The key challenges facing the future implementation of the Cardiovascular Health Strategy, as noted in the Second Report on the Implementation of the Cardiovascular Health Strategy, mirror those already identified in the National Health Strategy, Quality and Fairness and can be categorised as follows:
- Improve Population Health: by supporting intersectoral work for health promotion, to reduce risk of cardiovascular disease and improve quality of life.
- Reduce inequalities: by developing a robust approach to reducing inequalities in cardiovascular health and mortality.
- Ensure equitable access to services: by continued provision of resources and support to fully implement outstanding Cardiovascular Health Strategy recommendations to meet the needs of the growing numbers of older people and to provide new treatments for which there is evidence of effectiveness, and
- Improve the quality of services: by developing and implementing practice guidelines, the implementation of cardiovascular health information systems, support for clinical audit and for research to enhance the quality of services.

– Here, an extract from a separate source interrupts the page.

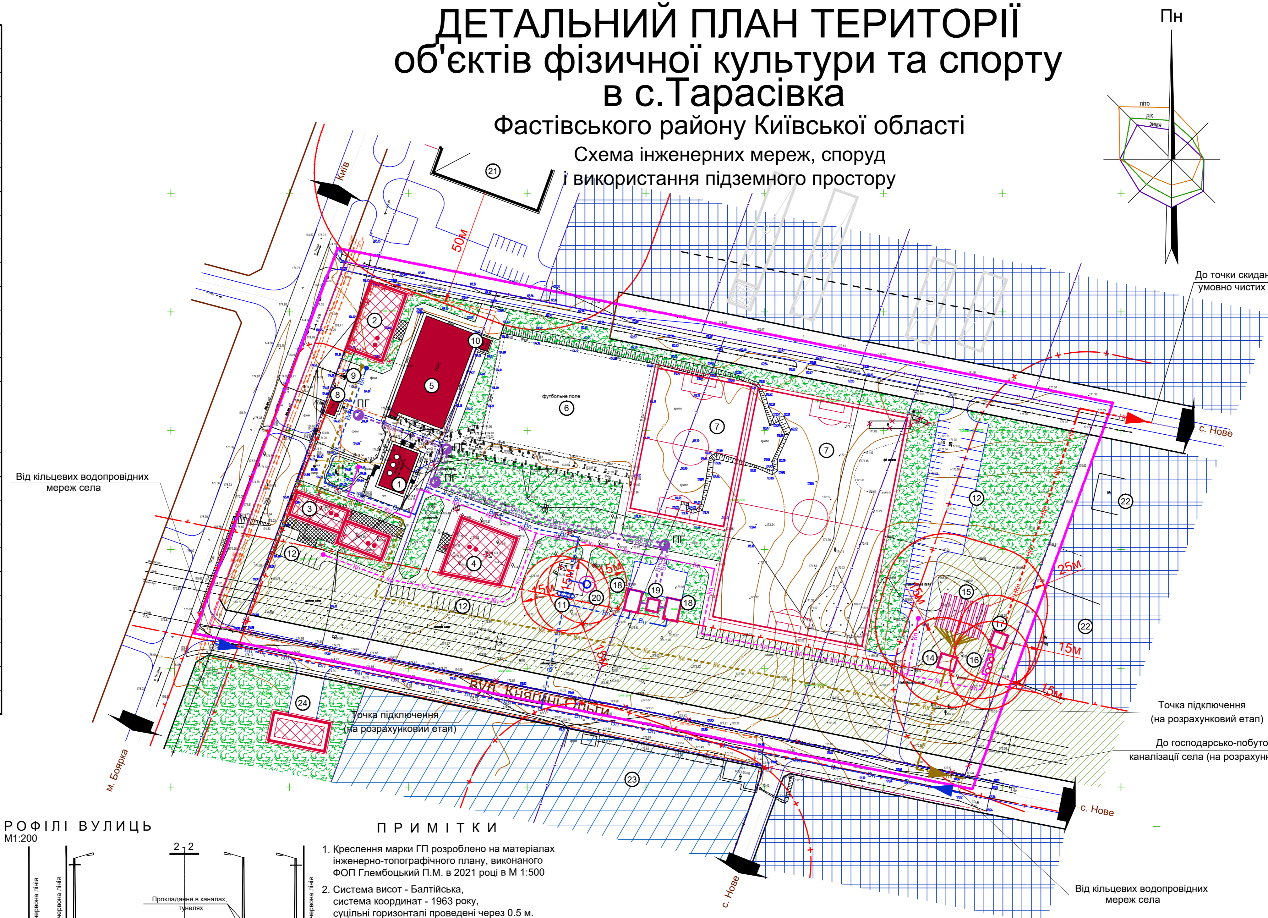
Схема інженерних мереж, споруд і використання підземного простору

We have already made progress in each of these categories and I am confident that we will make greater progress in the future.
The Government decision to reform the health services is both radical and challenging. The reform provides us with the opportunity to change not just the structures but how we approach problems and decisions in the health services in the future. The high quality, commitment and dedication of all health service staff indicates capacity to change. The new structures will enable innovative approaches to be taken in the future. I look forward to working with health service staff in this new era.
I am confident that all elements of the Cardiovascular Health Strategy will fit very well into the new structures and that implementation of the Strategy can and will continue to deliver into the future. Much has been achieved over the last 5 years and it is important that we do not lose the momentum that has been generated so far.
I would like to acknowledge the important work that has been done by all parties in the establishment and running of Heartwatch.
First, I would like to thank Mr Chris Fitzgerald, Principal Officer of the Health Promotion Unit in my Department, and his team for their continued dedication and enthusiasm in implementing the Cardiovascular Strategy. In particular I would like to thank Dr Emer Shelley, National Heart Health Adviser, for her work in establishing and implementing Heartwatch.
I would like to thank the GPs who are participating in the programme and Dr Fionán Ó Cuinneagáin and the Irish College of General Practitioners for their support and co-operation. I would also like to thank the practice nurses who have been essential to the delivery of this service. Thanks also to the GP co-ordinators and nurse facilitators who have worked in each health board area to ensure the smooth running of the programme.
Thanks are also due to Professor John Feely of the Department of Pharmacology and Therapeutics, Trinity College Dublin and all members of the National Steering Committee for Heartwatch who have overseen the implementation of Heartwatch.
Thank you also to Professor Jane Grimson of the Department of Computer Science, Trinity College Dublin and members of the Data Management Committee.
We are all very appreciative of the work done by the Dr Seán Maguire, Mr John Leahy, Dr Michael Boland and their team at the National Programme Centre and Independent Data Centre.
Finally I would like to thank all of you who are working in the health services and who have played such an important role in implementing this valuable part of the Cardiovascular Health Strategy.